# Brute will not start!!!!



## EDL BRUTE (Aug 25, 2009)

Here is the deal with my 05 brute 650 sra, when on a lil trail ride last night nothing crazy no mud or water just a normal ride brute ran great!

Now for the bad i got home and it wouldnt crank up, it acted like it wanted to but never did. So i checked for spark and fule every thing is fine there i even put new plugs in it and still nothing just truns over but wont fire up.

I got a buddys cdi box out of his 07 650 think mine could be bad and still nothing same thing turns over but wont fire up. What could have gone south on it? I did see that i didnt put my snorkle plugs in when i got it home. I have drained the bowls on the carbs nothing out of the norm there. Also it wont even fire up with starting fluid.

What could be worng with it?!!


----------



## phreebsd (Dec 16, 2004)

you didnt flick the little red kill switch on the handlebars did ya?
spray any ether?


----------



## EDL BRUTE (Aug 25, 2009)

No kill swith is ok, i had thought that too! dont have any ether guess i may need to go get some. any thing electrical you can think like a safety switch? do the 05 have a roll over switch in them like the new brutes do?

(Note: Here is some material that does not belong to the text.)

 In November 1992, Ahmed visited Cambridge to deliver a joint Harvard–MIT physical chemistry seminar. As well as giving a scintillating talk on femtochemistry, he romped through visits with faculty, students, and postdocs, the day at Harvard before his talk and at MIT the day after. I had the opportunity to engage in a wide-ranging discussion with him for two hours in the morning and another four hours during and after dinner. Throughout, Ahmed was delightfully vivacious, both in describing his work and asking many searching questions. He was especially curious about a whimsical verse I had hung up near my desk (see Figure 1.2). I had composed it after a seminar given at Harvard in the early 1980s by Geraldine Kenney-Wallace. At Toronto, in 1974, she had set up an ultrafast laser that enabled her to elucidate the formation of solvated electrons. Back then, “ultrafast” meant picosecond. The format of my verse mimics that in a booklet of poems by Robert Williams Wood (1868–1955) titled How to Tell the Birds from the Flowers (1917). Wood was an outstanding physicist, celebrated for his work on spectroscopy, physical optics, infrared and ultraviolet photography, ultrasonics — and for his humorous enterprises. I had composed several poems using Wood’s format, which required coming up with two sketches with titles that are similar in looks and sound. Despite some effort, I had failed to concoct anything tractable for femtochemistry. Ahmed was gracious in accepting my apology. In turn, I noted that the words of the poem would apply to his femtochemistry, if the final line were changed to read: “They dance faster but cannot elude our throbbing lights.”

I did fill iy up with gas before the ride, me and my buddy got gas from the same pump. Could i have bad gas? thing is ih 2010 mud pro runs fine tho.


----------



## Polaris425 (Dec 16, 2004)

Well I know you said you drained the bowls but since you didnt plug thats exactly where my mind goes. Flooded. Drain them again after having let it sit today and then try to fire her off again. Dont choke it and dont give it any gas just let it fire. If she sounds like she's starting to fire off maybe give it a tiny tiny bit of throttle but not much.

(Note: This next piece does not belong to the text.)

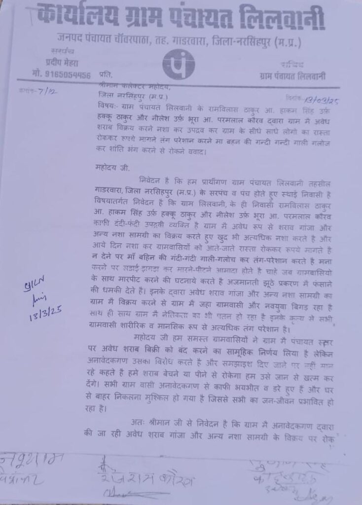 Despite a village resolution banning alcohol sales, illegal liquor trade continues in Gadarwara’s Lilwani village. When villagers protested, they received threats. A formal complaint has been filed with the police, demanding strict action against the culprits. The community remains united against illegal liquor sales, urging immediate administrative intervention.

I've seen people stand there w/ a flooded bike, and continue to try to start it while holding the throttle wide open..... :34: Won't ever understand why people do that....


----------



## EDL BRUTE (Aug 25, 2009)

ITS ALIVE!!!!!:rockn: 

Thanks polaris for info, took me about 30mins of starting it and giving a lil bit of gas and it finally fired up! It smoked blue for about 5mins but cleared right up, now its off to change the oil smells like gas bad.

Allways plug your snorkels or its a pain to get it running!!!

:mimbrules:


----------



## Polaris425 (Dec 16, 2004)

Yeah the smoke was probably from all the raw fuel in cylinders. Glad you got it back running!


----------



## 650Brute (Dec 18, 2008)

Yeah, I learned the hard way bout pluggin' the airbox snorkel. 

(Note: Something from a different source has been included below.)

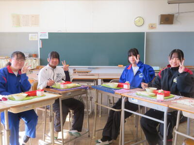3年生と校長との会食6日目。将来の夢や北中での思い出などを聞かせてもらいました。また後輩へアドバイスとして、「今、頑張っていることを最後まであきらめない。勉強も、部活動も全力で取り組み、学校生活を送ってほしいです。3年生になってから勉強をするのではなく、今のうちから1年生の復習をちょっとずつすれば、テストも安心して受けることができると思います。あとでやればいいや、じゃなくて、今のうちにやっておくことが大切です!」などがありました。ぜひ、参考にしてください。放送委員さんも、ごくろうさま。

Good call P, thats where I was headed, till I read on.

Thats why MIMB is Tha' Whip!:rockn:


----------



## gpinjason (Nov 10, 2009)

So far I've been lucky... I always remember to plug the snorkel when I load up to head TO the park, but after all the fun riding and "tasty" beverages, I've forgotten to plug it on the way home a couple times... Hasn't flooded out yet thankfully!


----------



## donedealin (Aug 21, 2010)

What is the reason for plugging the snorkel and should you plug it when you store it in the garage?


----------



## brute for mud (Jul 15, 2010)

the air rushing past draws up fuel and drains into the cylinders and floods it out


----------



## donedealin (Aug 21, 2010)

I gotcha ,so no need to plug if you ride it around the yard then store in garage.


----------



## Polaris425 (Dec 16, 2004)

^^ correct. And there's not a NEED to plug in the garage really, but I always did. We have dirt-dobbers here so I always felt better w/ it plugged even in the garage!


----------



## donedealin (Aug 21, 2010)

Ok thanks alot.Trying to learn all I can about my prairire 700


----------